LA RELATION DANS LES GROUPES
1) La sociométrie de Moreno
Par sociométrie, Moreno entend à la fois :
une technique susceptible de quantifier les interactions sociales, ce qui d'ailleurs se fait effectivement quand
on met en oeuvre le"test sociométrique" ;
une théorie de la société, on pourrait même dire une philosophie sociale fondée impliquant une opposition
entre la spontanéité créatrice des groupes sociaux et la rigidification des conduites et des cultures (d'où sa
notion de "conserves culturelles ", par exemple).
Cette philosophie a d'abord trouvé sa source dans la pratique et la théorisation du psychodrame, car c'est par là
que Moreno a commencé. Elle retrouve ailleurs des équivalents, et par exemple dans l'oeuvre de Reich lorsqu'il
oppose l'énergie libre et l'énergie liée et montre dans la constitution de la "cuirasse caractérielle" aussi bien la base
de névroses individuelles que celle des sociétés autoritaires, du fascisme.
La genèse de la sociométrie et son programme peuvent se lire dans les articles et ouvrages que Moreno publie
dans les années 40 et dont certains, traduits en français, ont paru pendant la même période dans les Cahiers
Internationaux de Sociologie : ils ont contribué à faire connaître, en France, cette école de la sociométrie dans le
temps même où le psychodrame y était également diffusé, à partir de 1950.

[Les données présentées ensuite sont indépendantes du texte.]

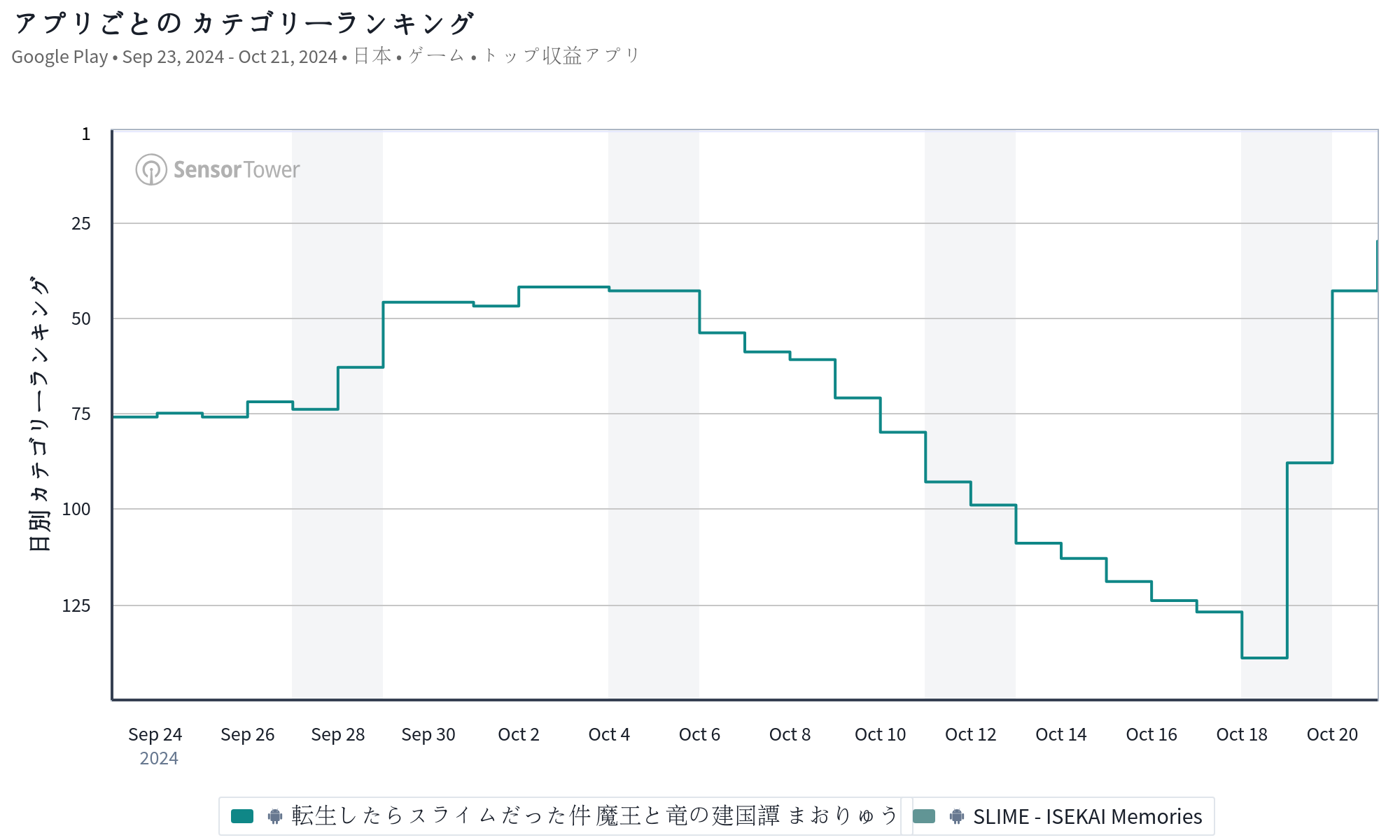 また、バンダイナムコエンターテインメントの『転生したらスライムだった件 魔王と竜の建国譚』が前日の43位から30位に上昇し、トップ30圏内に復帰した。『まおりゅう』は、10月28日に3周年を迎えることを記念した前夜祭キャンペーンを実施しており、その中で「3rd Anniversary 超魔王竜祭 スカウト」を開催していることなどが今回の順位上昇につながっているもようだ

Moreno entend finalement par microsociologie - car il finit par employer ce terme pour parler de la sociométrie -
l'étude d'un petit groupe ou, à la limite, d'un établissement. Il tend à autonomiser cet objet et le mode d'approche
qui lui correspond.
Ce mode d'approche, c'est-à-dire la sociométrie au sens que ce terme indique directement (il s'agit de "mesurer" le
"social") se propose comme tel.
Mais, à propos de cette mesure, il faut, avec Moreno toujours, distinguer trois tendances :
certains s'occupent de la "mesure" mais ne rendent pas compte du caractère qualitatif de ce qui doit être
mesuré, comme le font par exemple, un grand nombre de démographes, de statisticiens "et de praticiens des
sondages d'opinion" ;
d'autres s'intéressent à la spontanéité sociale et à l'instant social, aux rôles sociaux, aux relations
interpersonnelles et n'admettent aucune possibilité, ou presque, d'appliquer dans ce domaine des mesures
quantitatives ;
d'autres, enfin, tentent d'utiliser à la fois la mesure et la compréhension qualitative.
Du point de vue des techniques microsociologiques toujours, on peut encore relever chez Moreno deux idées
celle d'organiser des expérimentations sociologiques proprement dites, en créant, comme en physique, des
dispositifs expérimentaux artificiels ;
celle selon laquelle, dans ces expérimentations sociologiques, les enquêteurs doivent devenir, non seulement
des observateurs-participants, mais également des acteurs-participants.
La microsociologie morenienne s'est définie progressivement comme une étude consacrée uniquement à des
formes sociales de dimensions restreintes.
Les écrits de Moreno ont influencé fortement la première vague de la psychothérapie institutionnelle française.
L'idée morénienne d'une "révolution sociométrique", a fortement marqué certains courants de la pensée politique
française de la même époque : elle a convergé avec la conviction selon laquelle un changement révolutionnaire de
la société - une "révolution sociométrique" pour parler comme Moreno, - devrait se faire à partir des petits groupes.